(Exercise prompt): Copy the entries exactly. Their pictures do not belong in the copy.

(Information shown):

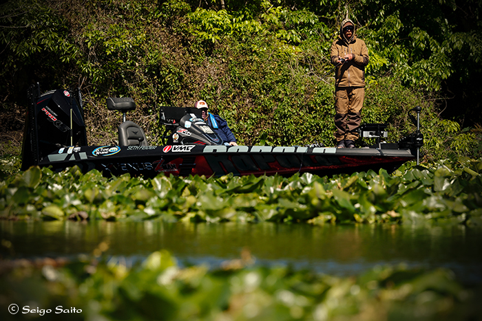 大会2日目順位を上げてきたのは セス・ファイダー選手 リリパッドを撃ち続けて 初日とほぼ同じ18ポンドオーバーで 3位に浮上してきた 明日から少しづつ気温も上がるので フロリダらしい釣りができるかも
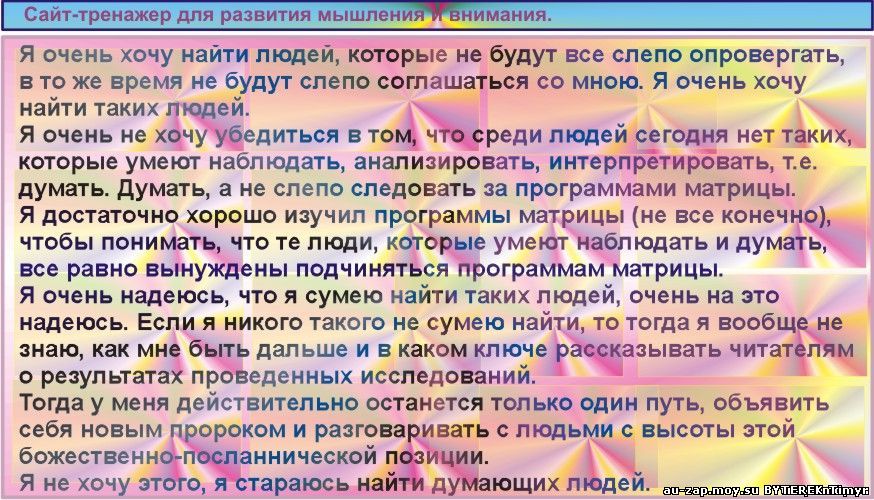 Эволюция живых существ протекает в зоне мыслительной деятельности, в зоне формирования микровселенных, а не в зоне формирования грубых физических тел. Если Вы, дорогой читатель, не можете понять то, о чем я рассказываю на данном сайте, вам нужно читать то, что я написал ранее в своих книгах и на своих предыдущих сайтах. Но при этом вы должны понимать, что познание методом чтения является самой примитивной формой познания. Вам нужно (кроме чтения, которое важно и необходимо) учиться действовать, учиться совершать поступки, учиться тренировать свою мыслительную систему. Весь необходимый набор упражнений для практических тренировок я описал и выложил в свободном бесплатном доступе. Весь комплекс практических советов мною записан в книгах, на сайтах, читайте, учитесь, тренируйтесь, совершайте реальные целенаправленные поступки в жизни.
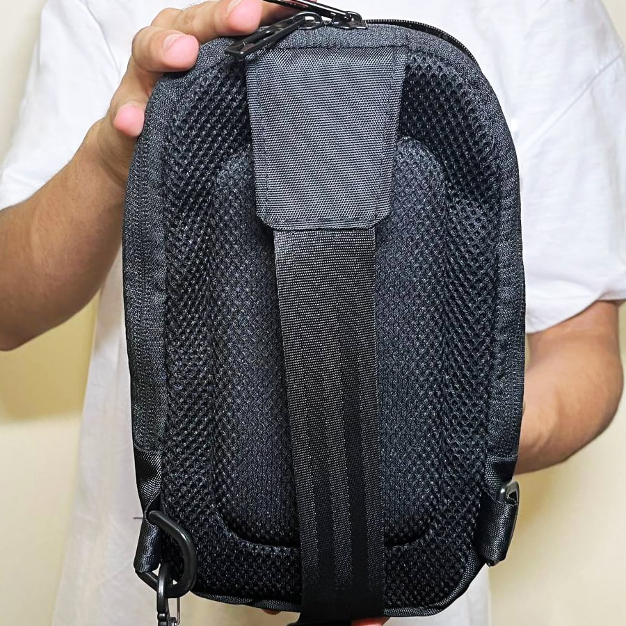در پشت کیف، بند شانهای با طراحی مشبک و پددار قرار دارد که باعث تهویه هوا و راحتی بیشتر در استفاده طولانیمدت میشود. این بند همچنین قابل تنظیم است، زیرا کیف را میتوان بهصورت کراسبادی یا دوشی متناسب با ترجیح کاربر حمل کرد
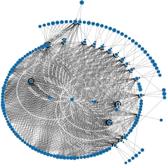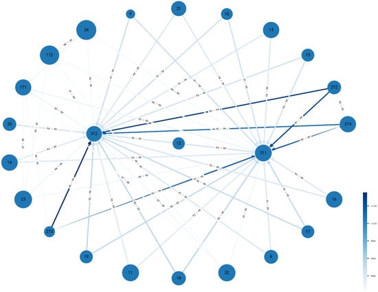 Figure 6, only the risk transmission paths with more than 130 occurrences are displayed in the figure. The path with the most risk transmission occurrences is from enterprise 273 to enterprise 312, corresponding to the industries “95 Integrated Circuit Manufacturing” to “99 Wafer Testing”, with a total of 753 occurrences. The second is from enterprise 272 to enterprise 312, corresponding to the industries “95 Integrated Circuit Manufacturing” to “99 Wafer Testing”, with a total of 710 occurrences. It can be seen that the high-risk enterprises in the “99 Wafer Testing” link of the simulated IC supply chain in this study mainly include enterprises 272, 273, 274, 311, and 312. Moreover, this link is basically consistent with the “99 Wafer Testing” risk chain in the industrial chain risk analysis.
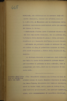 Regia opera di maternità di Torino. Variazione di destinazione di contributo
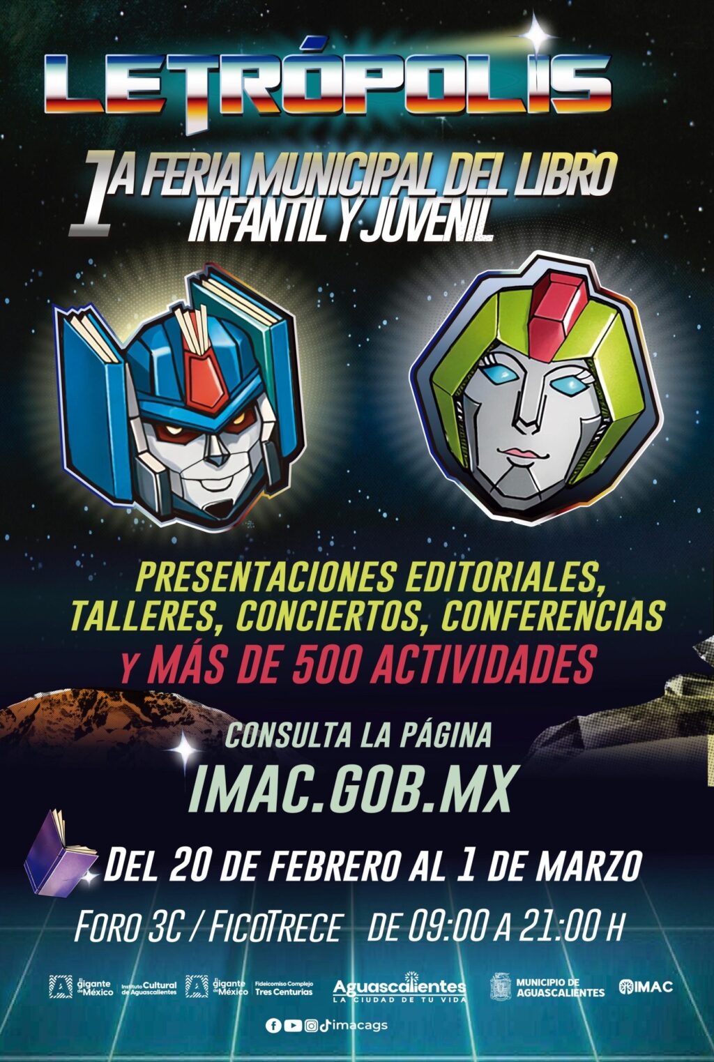 Con más de 500 actividades dirigidas a niñas, niños, jóvenes y familias, el Instituto Municipal Aguascalentense para la Cultura (IMAC) presentó el programa general de la 1ª Feria Municipal del Libro Infantil y Juvenil, Letrópolis, que se llevará a cabo del 20 de febrero al 1 de marzo, en el Foro 3C de FICOTRECE, de 9:00 a 21:00 horas.
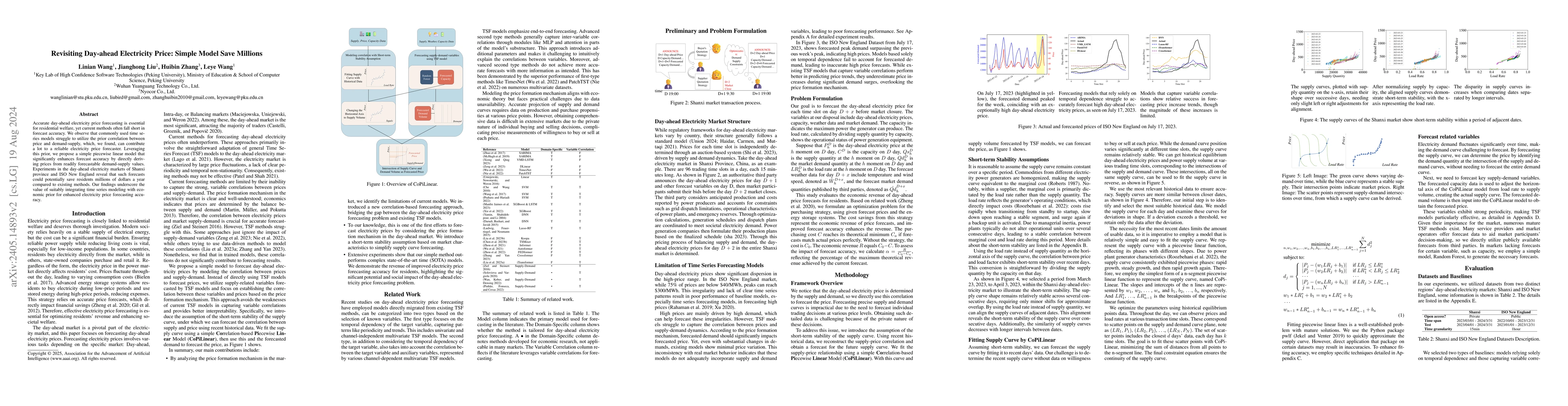 The paper proposes YUI, a simplified model for day-ahead electricity price forecasting based on invariance assumptions that simplify supply and demand curve modeling. Compared to existing methods, YUI reduces forecast error by 13.8% in MAE and 28.7% in sMAPE in the Shanxi market.
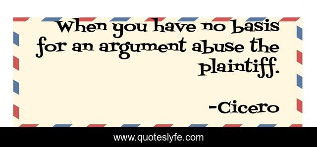 This page presents the quote "When you have no basis for an argument abuse the plaintiff.". Author of this quote is Cicero. This quote is about law, lawyers,.
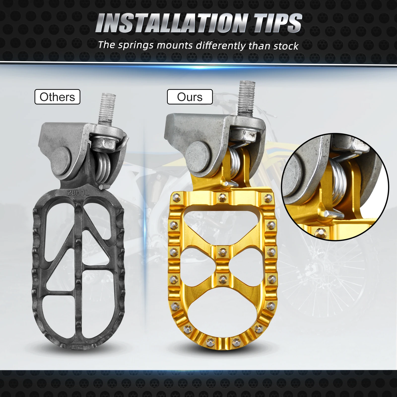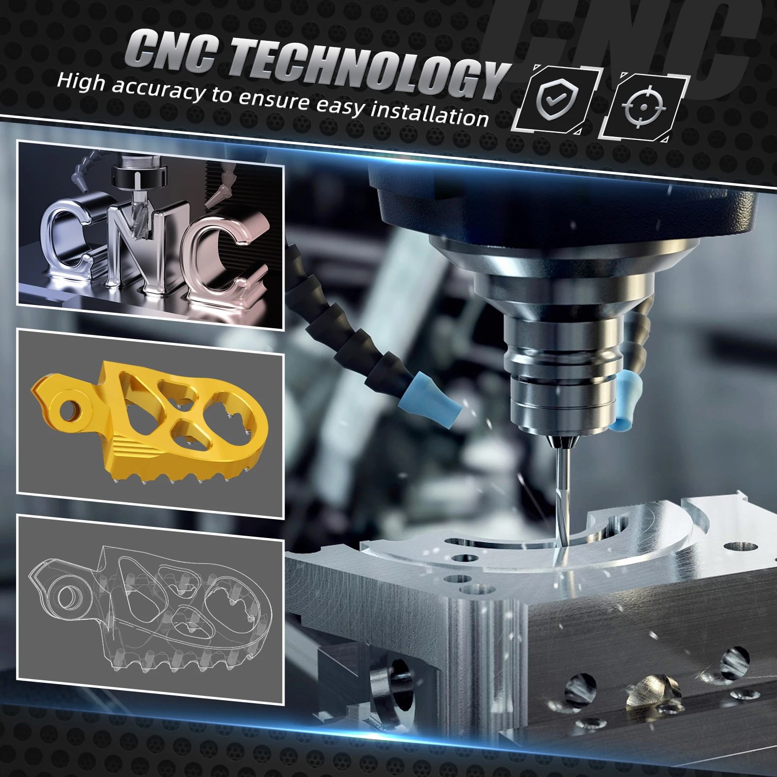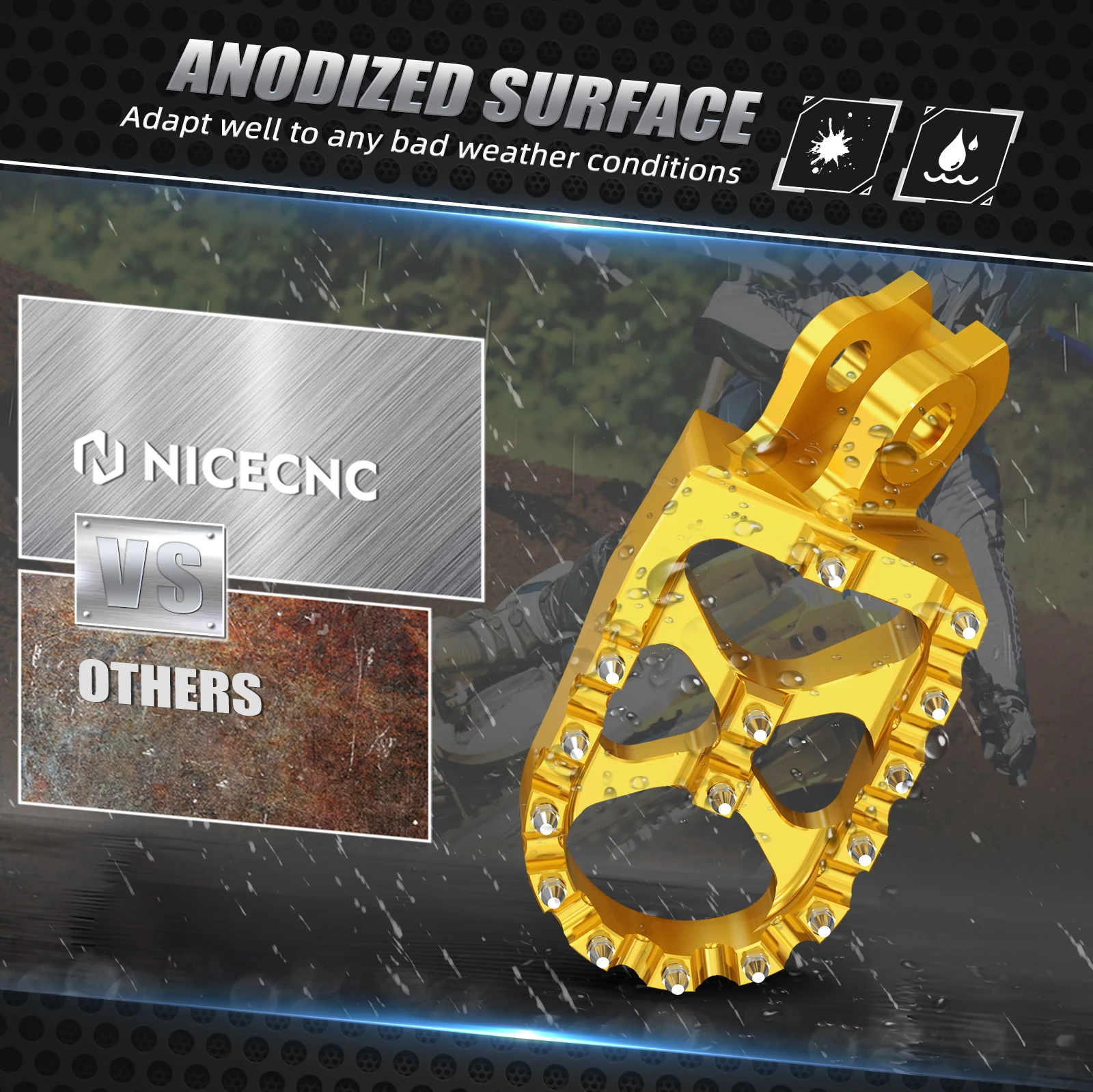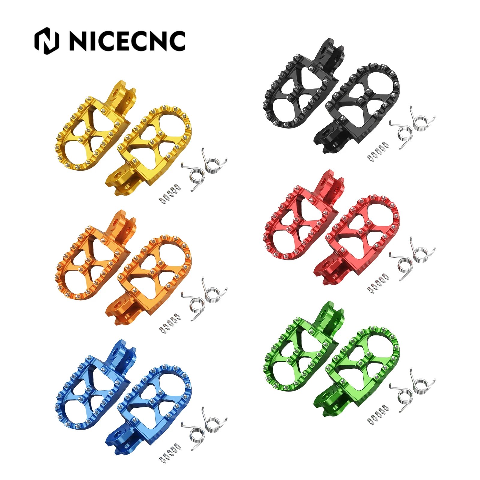 — Condizione: 100% nuovo di zecca — Materiale: lega di alluminio 7075-T6 — Elaborazione: lavorata a CNC — Superficie: anodizzazione — Colore: oro, nero — Denti piatti in acciaio inox — Completamente lavorato a CNC in alluminio billet 7075-T6 di qualità aeronautica — Finitura superficiale anodizzata — Piattaforma larga 57 mm per una migliore stabilità — L’esclusivo ponte "X" aggiunge 2 denti centrali per una maggiore presa — Fornito con 5 denti di ricambio in acciaio inossidabile — Facile da installare, monta con tutto l’hardware di serie Il pacchetto include: 1x paio di poggiapiedi in billette largo 57 mm

(Answer for the task):
 大会2日目順位を上げてきたのは セス・ファイダー選手 リリパッドを撃ち続けて 初日とほぼ同じ18ポンドオーバーで 3位に浮上してきた 明日から少しづつ気温も上がるので フロリダらしい釣りができるかも
 Эволюция живых существ протекает в зоне мыслительной деятельности, в зоне формирования микровселенных, а не в зоне формирования грубых физических тел. Если Вы, дорогой читатель, не можете понять то, о чем я рассказываю на данном сайте, вам нужно читать то, что я написал ранее в своих книгах и на своих предыдущих сайтах. Но при этом вы должны понимать, что познание методом чтения является самой примитивной формой познания. Вам нужно (кроме чтения, которое важно и необходимо) учиться действовать, учиться совершать поступки, учиться тренировать свою мыслительную систему. Весь необходимый набор упражнений для практических тренировок я описал и выложил в свободном бесплатном доступе. Весь комплекс практических советов мною записан в книгах, на сайтах, читайте, учитесь, тренируйтесь, совершайте реальные целенаправленные поступки в жизни.
در پشت کیف، بند شانهای با طراحی مشبک و پددار قرار دارد که باعث تهویه هوا و راحتی بیشتر در استفاده طولانیمدت میشود. این بند همچنین قابل تنظیم است، زیرا کیف را میتوان بهصورت کراسبادی یا دوشی متناسب با ترجیح کاربر حمل کرد
 Figure 6, only the risk transmission paths with more than 130 occurrences are displayed in the figure. The path with the most risk transmission occurrences is from enterprise 273 to enterprise 312, corresponding to the industries “95 Integrated Circuit Manufacturing” to “99 Wafer Testing”, with a total of 753 occurrences. The second is from enterprise 272 to enterprise 312, corresponding to the industries “95 Integrated Circuit Manufacturing” to “99 Wafer Testing”, with a total of 710 occurrences. It can be seen that the high-risk enterprises in the “99 Wafer Testing” link of the simulated IC supply chain in this study mainly include enterprises 272, 273, 274, 311, and 312. Moreover, this link is basically consistent with the “99 Wafer Testing” risk chain in the industrial chain risk analysis.
 Regia opera di maternità di Torino. Variazione di destinazione di contributo
 Con más de 500 actividades dirigidas a niñas, niños, jóvenes y familias, el Instituto Municipal Aguascalentense para la Cultura (IMAC) presentó el programa general de la 1ª Feria Municipal del Libro Infantil y Juvenil, Letrópolis, que se llevará a cabo del 20 de febrero al 1 de marzo, en el Foro 3C de FICOTRECE, de 9:00 a 21:00 horas.
 The paper proposes YUI, a simplified model for day-ahead electricity price forecasting based on invariance assumptions that simplify supply and demand curve modeling. Compared to existing methods, YUI reduces forecast error by 13.8% in MAE and 28.7% in sMAPE in the Shanxi market.
 This page presents the quote "When you have no basis for an argument abuse the plaintiff.". Author of this quote is Cicero. This quote is about law, lawyers,.
 — Condizione: 100% nuovo di zecca — Materiale: lega di alluminio 7075-T6 — Elaborazione: lavorata a CNC — Superficie: anodizzazione — Colore: oro, nero — Denti piatti in acciaio inox — Completamente lavorato a CNC in alluminio billet 7075-T6 di qualità aeronautica — Finitura superficiale anodizzata — Piattaforma larga 57 mm per una migliore stabilità — L’esclusivo ponte "X" aggiunge 2 denti centrali per una maggiore presa — Fornito con 5 denti di ricambio in acciaio inossidabile — Facile da installare, monta con tutto l’hardware di serie Il pacchetto include: 1x paio di poggiapiedi in billette largo 57 mm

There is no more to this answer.